* [Task to complete] With pictures excluded, copy word for word the lines in the data below from the line containing "Selger pent brukt" through the line containing "Italian Style Dining".

* [Records provided]
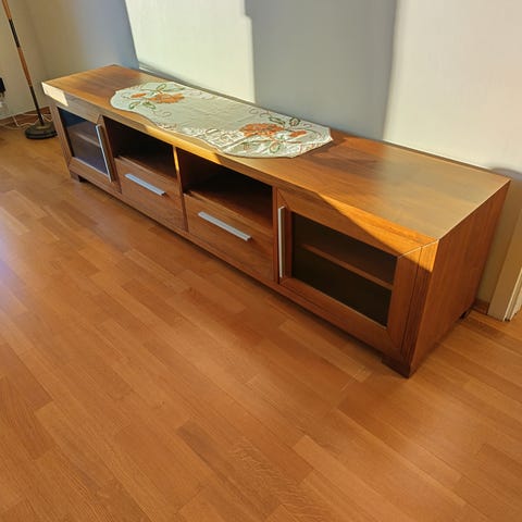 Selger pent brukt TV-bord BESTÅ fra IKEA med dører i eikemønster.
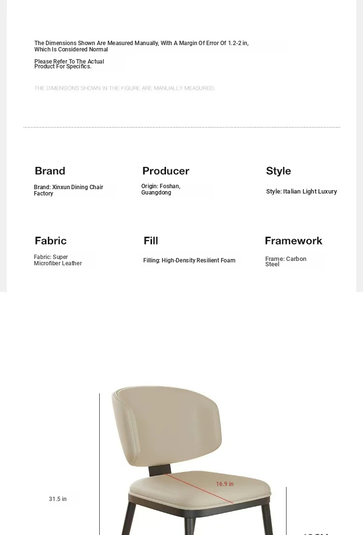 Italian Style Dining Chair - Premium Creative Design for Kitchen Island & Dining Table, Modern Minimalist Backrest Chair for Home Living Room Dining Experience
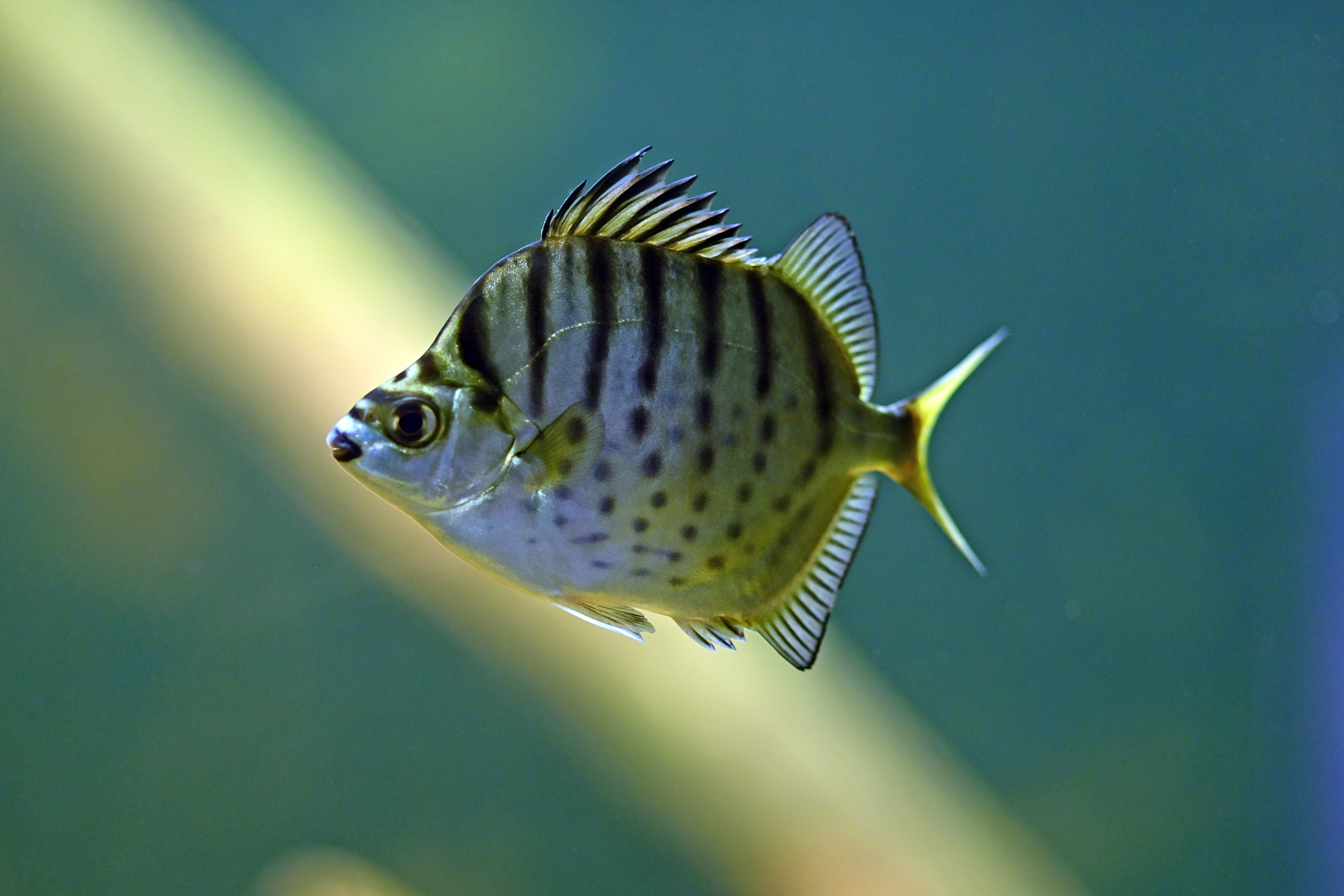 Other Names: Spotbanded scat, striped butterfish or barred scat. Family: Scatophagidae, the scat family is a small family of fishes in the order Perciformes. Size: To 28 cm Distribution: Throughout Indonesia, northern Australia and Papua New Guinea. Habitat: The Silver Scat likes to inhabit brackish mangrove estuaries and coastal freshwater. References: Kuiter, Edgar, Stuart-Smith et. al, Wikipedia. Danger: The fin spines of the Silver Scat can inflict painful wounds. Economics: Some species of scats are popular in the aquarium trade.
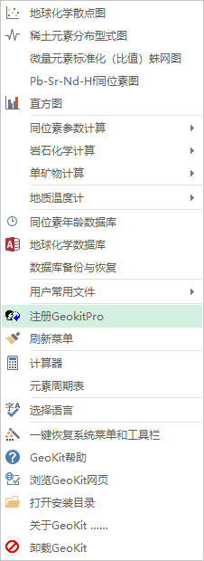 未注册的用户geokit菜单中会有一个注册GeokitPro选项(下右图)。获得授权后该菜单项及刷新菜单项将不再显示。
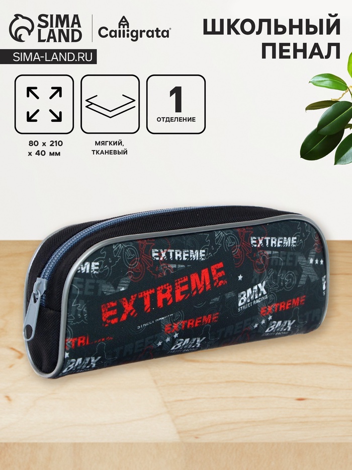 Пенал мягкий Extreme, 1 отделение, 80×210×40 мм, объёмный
---
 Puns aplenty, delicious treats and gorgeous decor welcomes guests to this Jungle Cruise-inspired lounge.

* [Solution]
 Selger pent brukt TV-bord BESTÅ fra IKEA med dører i eikemønster.
 Italian Style Dining Chair - Premium Creative Design for Kitchen Island & Dining Table, Modern Minimalist Backrest Chair for Home Living Room Dining Experience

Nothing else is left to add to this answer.